Data block:
══════════════════════════════

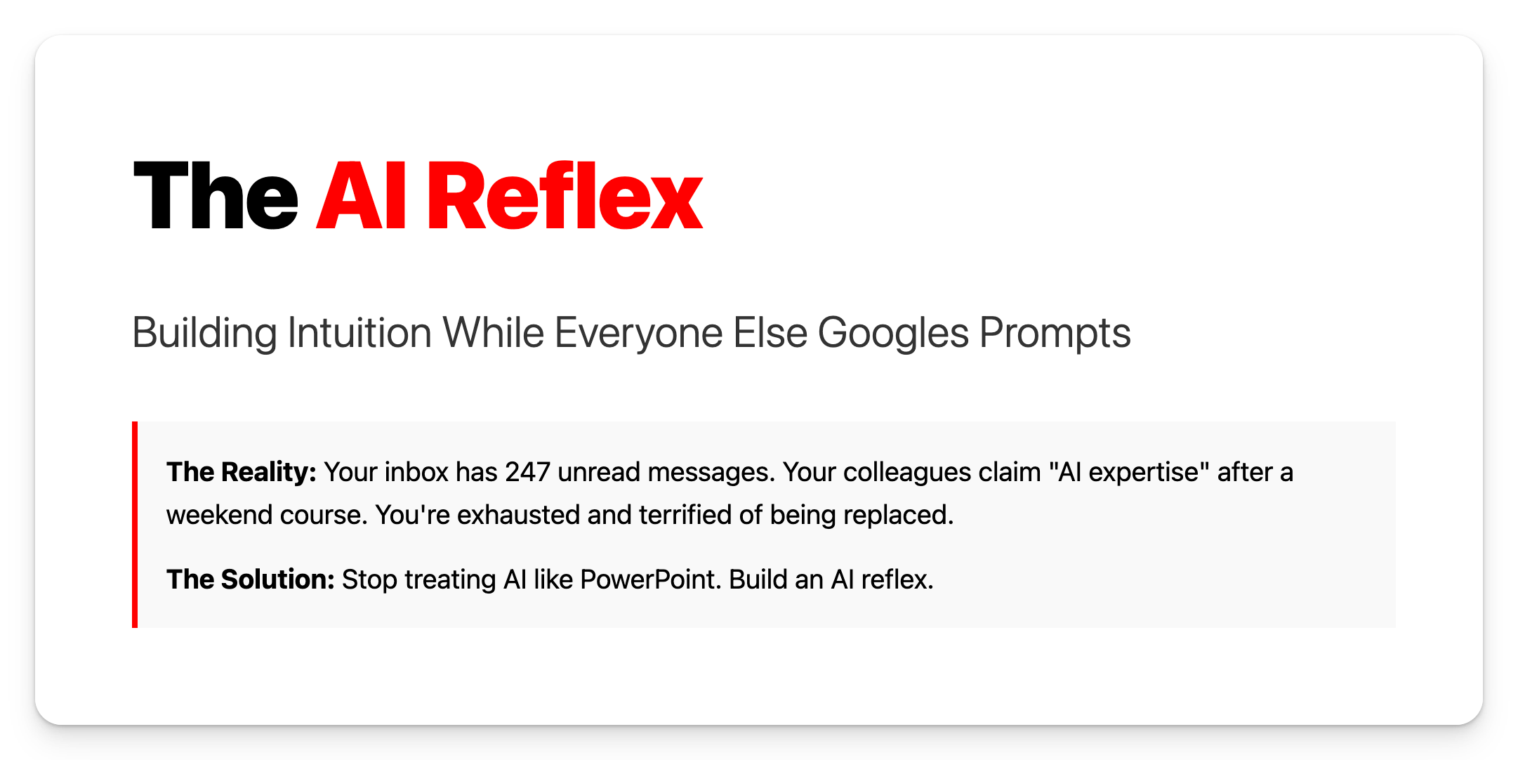 The AI Reflex: Building Intuition While Everyone Else Googles Prompt Templates
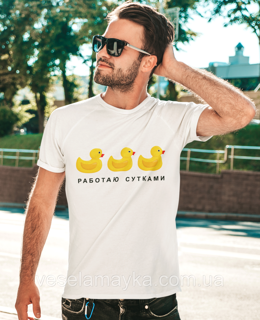 Футболка з веселими качечками та написом "Работаю чарами"
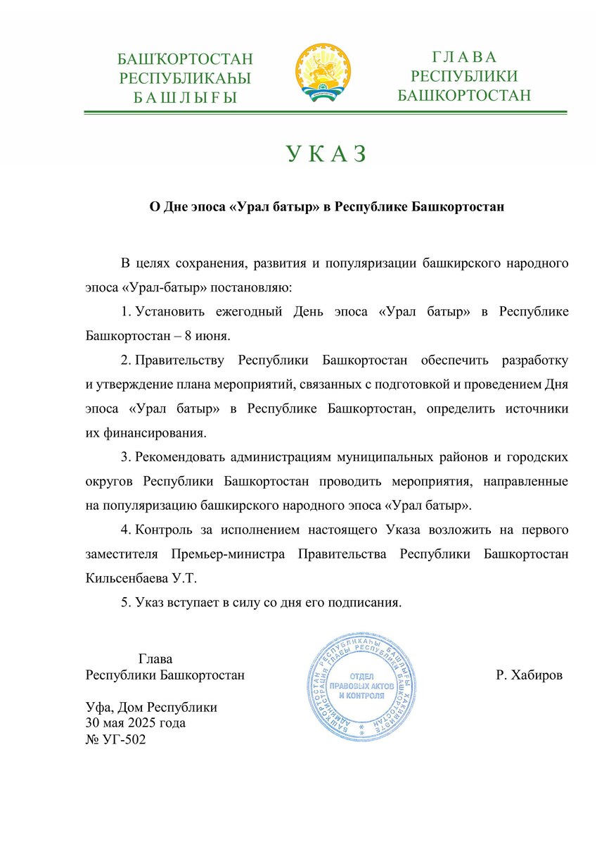 Указом Главы Республики Башкортостан Радия Хабирова 8 июня устанавливается Днём эпоса «Урал-батыр». Запланировано, что значимая дата будет отмечаться ежегодно. Правительству региона поручено разработать и утвердить соответствующий план мероприятий, муниципалитетам также рекомендовано разработать и провести мероприятия по популяризации эпоса.

══════════════════════════════

Task goal: Only the lines from the top of the material above down to the line bearing "Футболка з веселими", that line included, should be set down exactly; no pictures.

Reply to the task:
 The AI Reflex: Building Intuition While Everyone Else Googles Prompt Templates
 Футболка з веселими качечками та написом "Работаю чарами"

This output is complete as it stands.